On aurait bien pu se faire cette réflexion : Poursuivre les coupables? Comment? Par où? Avec quoi ? Mais ce n'est pas pour rien qu'un proverbe dit chez nous : « L'homme par la parole et le bœuf par les cornes. »
La race tarasconnaise est si sensible aux belles phrases que personne n'a mis la parole du Gouverneur en doute.
Un rayon de soleil entre deux averses est arrivé par là-dessus et voilà tout le monde ravi: sur le Tour-de-Ville ce sont des danses et des rires. Ah! Le joli peuple, et vraiment commode à manier!
10 décembre. - Un honneur inouï m'arrive : je suis promu grand de première classe.

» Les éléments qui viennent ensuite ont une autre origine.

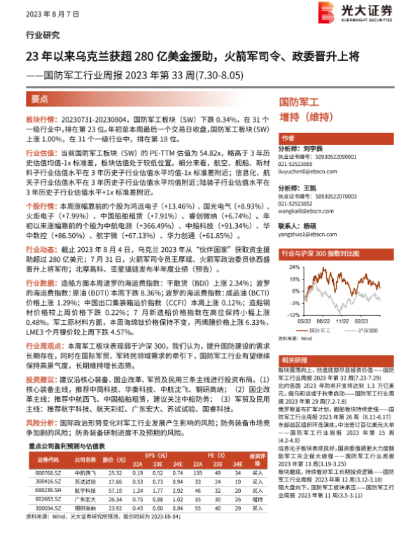 【光大证券】【20230807】国防军工行业周报2023年第33周:23年以来乌克兰获超280亿美金援助,火箭军司令、政委晋升上将-15页 行业研究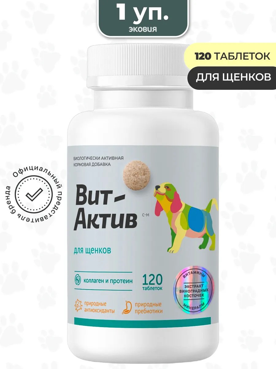 | Package contents | Vitamin and mineral complex Vit-Active for puppies (120 tablets); The number of packages is indicated in the main photo; Each package contains 120 tablets |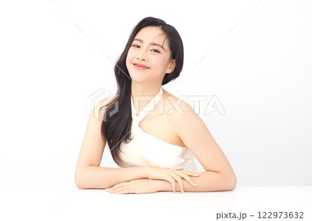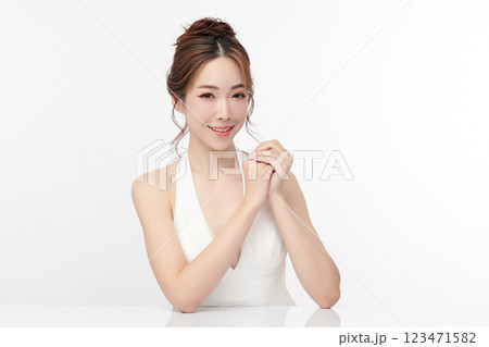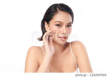 Beautiful young asian woman with clean fresh skin on white background, Face care, Facial treatment, Cosmetology, beauty and spa, Asian women portrait.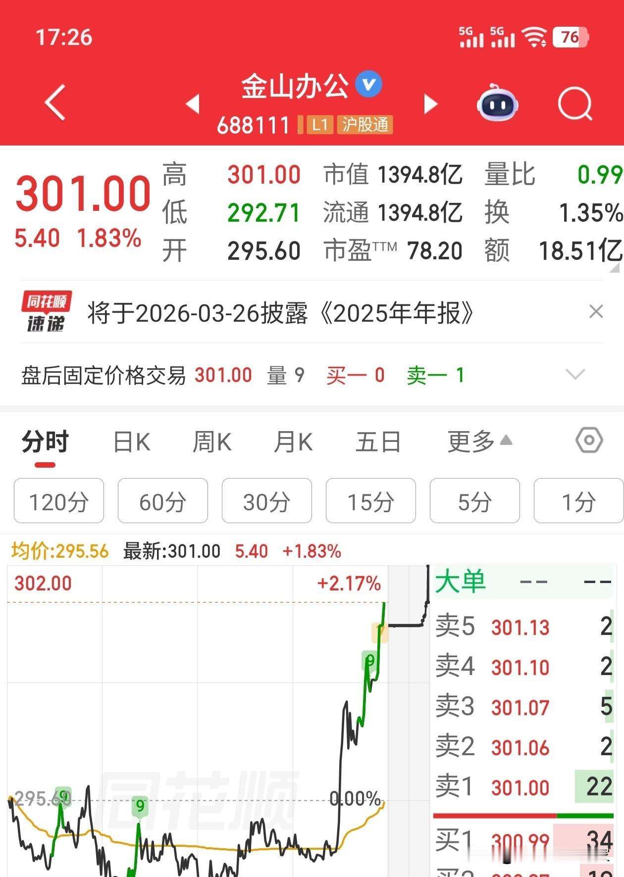 金山办公!!!这是发生了什么了吗?尾盘最后半个小时,出现了神奇两点半行情,将近拉了2.5%上来。大资金从上午的净流出2亿,到尾盘收盘居然流入5000万,太厉害了,我翻遍了全网,似乎没有啥重大利好啊,难道就是拉尾盘,非奸即盗?让我开心好一会,估计明天又是凶多吉少了。又有多少人是在今天最低点给割肉的?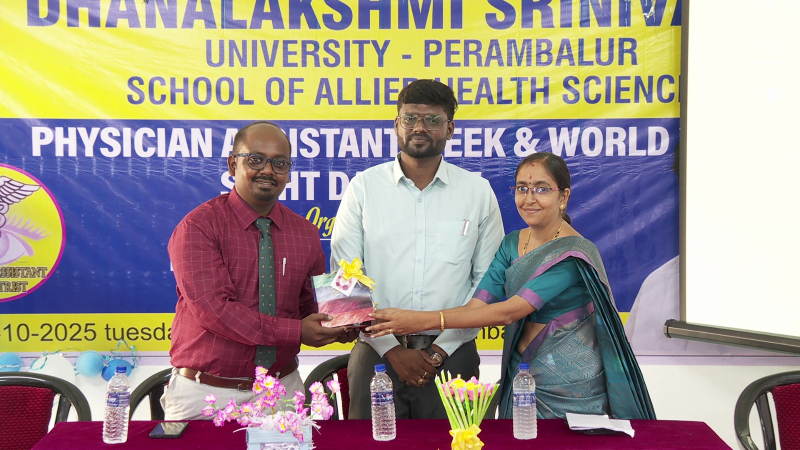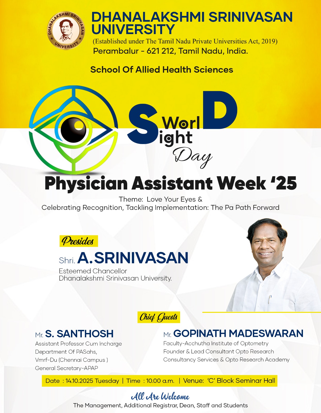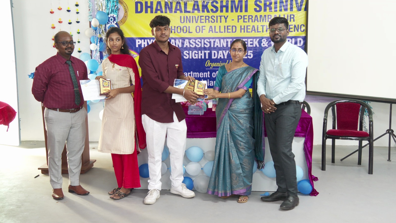 The School of Allied Health Sciences, Dhanalakshmi Srinivasan University, celebrated Physician Assistant Week and World Sight Day on 13th & 14th October 2025 with a variety of academic and cultural activities. Students actively participated in competitions such as poster presentations, quiz programs, and vegetable carvings based on anatomy and disease diagnosis. On 14th October, a guest lecture on Role of PA and Current Updates in Physician Assistant Profession was delivered by Mr. Santhosh, Assistant Professor, Vinayaka Mission, Chennai, and General Secretary of the Physician Assistant Association of India. For Optometry, a special lecture on Low Vision Assessment in Field Defects was presented by Dr. Gopinath, Research Associate, Achytha Eye Care & Optometry Institute, Erode, and member of the Tamil Nadu Optometry Association. The celebrations concluded with the distribution of prizes and certificates to the winners, marking an inspiring and insightful event that enriched the knowledge and skills of Allied Health Sciences students.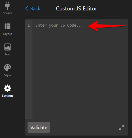 For advanced customization, you can add custom JavaScript. This allows you to integrate with external tools, track actions like share button clicks, or apply more complex behaviors to your widget: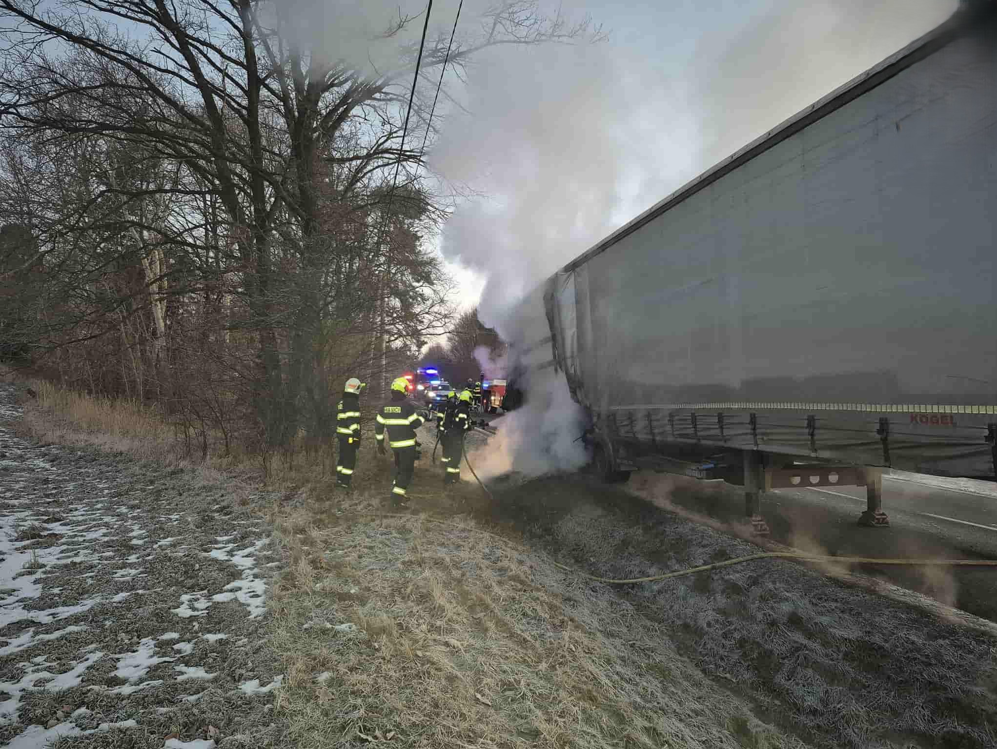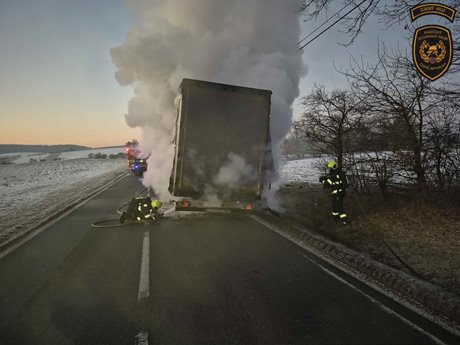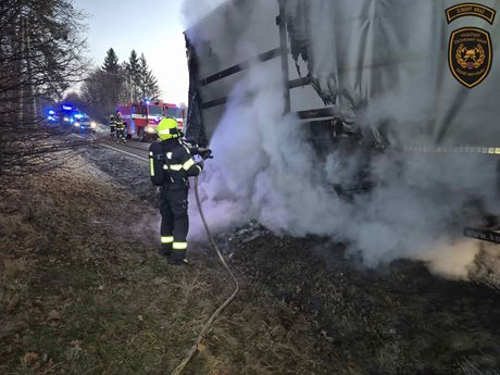 Požár nákladního vozidla ohrozil provoz na silnici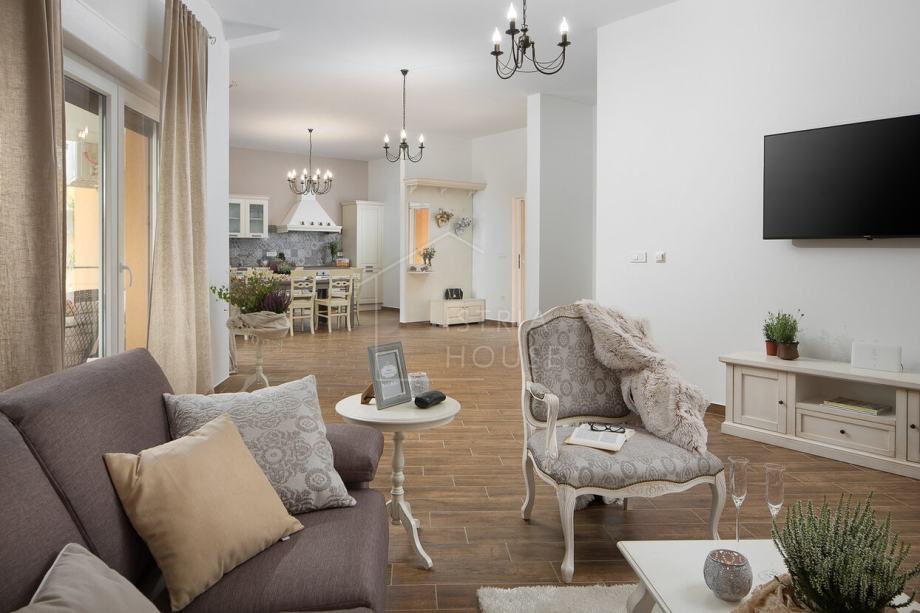 Kuća je prizemna i samostojeća, izgrađena u modernom stilu te je unutrašnjost uređena sa visokim ukusom pazeći na detalje koji istu naglašavaju.
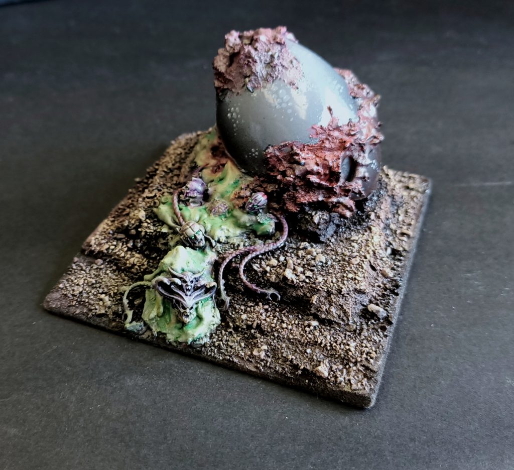 The Cosmic Egg. Take a Kinder Surprise Egg (the most dangerous thing you could import into the US), slop some various horrid textures on it, drop a few screaming heads in the goo and you've got a reality-bending monstrocity on your hands. Contrast paints are amazing for adding depth and visual interest to terrain pieces quickly and easily.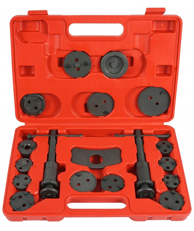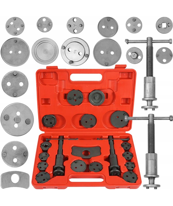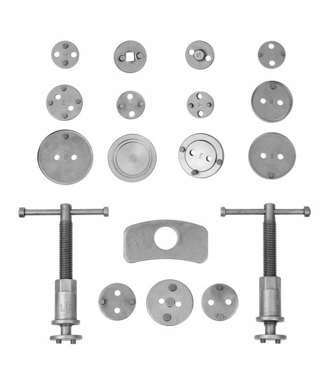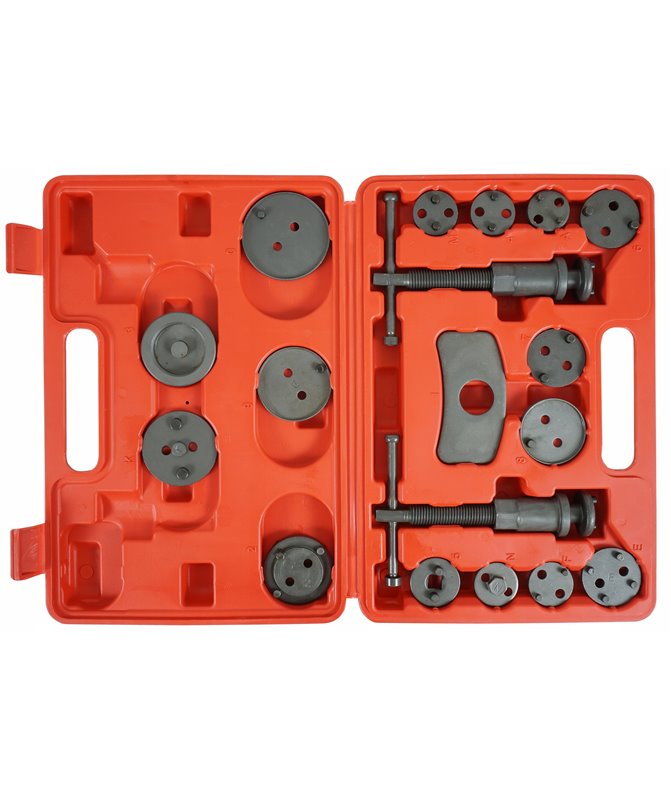 Profesjonalny 18 elementowy zestaw do cofania / wciskania tłoczków w cylinderkach układów hamulcowych, niezbędny przy naprawach pojazdów wyposażonych w hamulce tarczowe. Pokrętło wyposażone jest w magnetyczną końcówkę, dzięki temu utrzymuje talerzyk odpowiadający danemu tłoczkowi w osi. Zestaw przeznaczony jest dla każdego warsztatu samochodowego, gdzie pomaga przyspieszyć serwisowanie układów hamulcowych.

Trouvé le brevet ce matin à déjeuner sous mon assiette. Le Gouverneur s'est montré très heureux d'avoir pu m'accorder cette haute distinction; Branquebalme, Beaumevieille, le Révérend, ont paru aussi enchantés que moi-même de la nouvelle dignité qui me fait leur égal.
Le soir, descendu chez les des Espazettes, où la nouvelle était déjà connue. Le marquis m'a donné l'accolade devant Clorinde, toute rouge de plaisir. La marquise seule semblait indifférente à mes nouveaux honneurs. Pour elle, ce manteau de grand ne me relève pas encore de ma roture. Que lui faudrait-il donc?... De première classe!... Et à mon âge !...
14décembre. - Il se passe quelque chose d'extraordinaire au Gouvernement, de si extraordinaire que j'ose à peine le confier à ce registre.
Le Gouverneur a un sentiment !
Et pour qui? Je vous le donne en mille. Pour se petite filleule, la princesse Likiriki !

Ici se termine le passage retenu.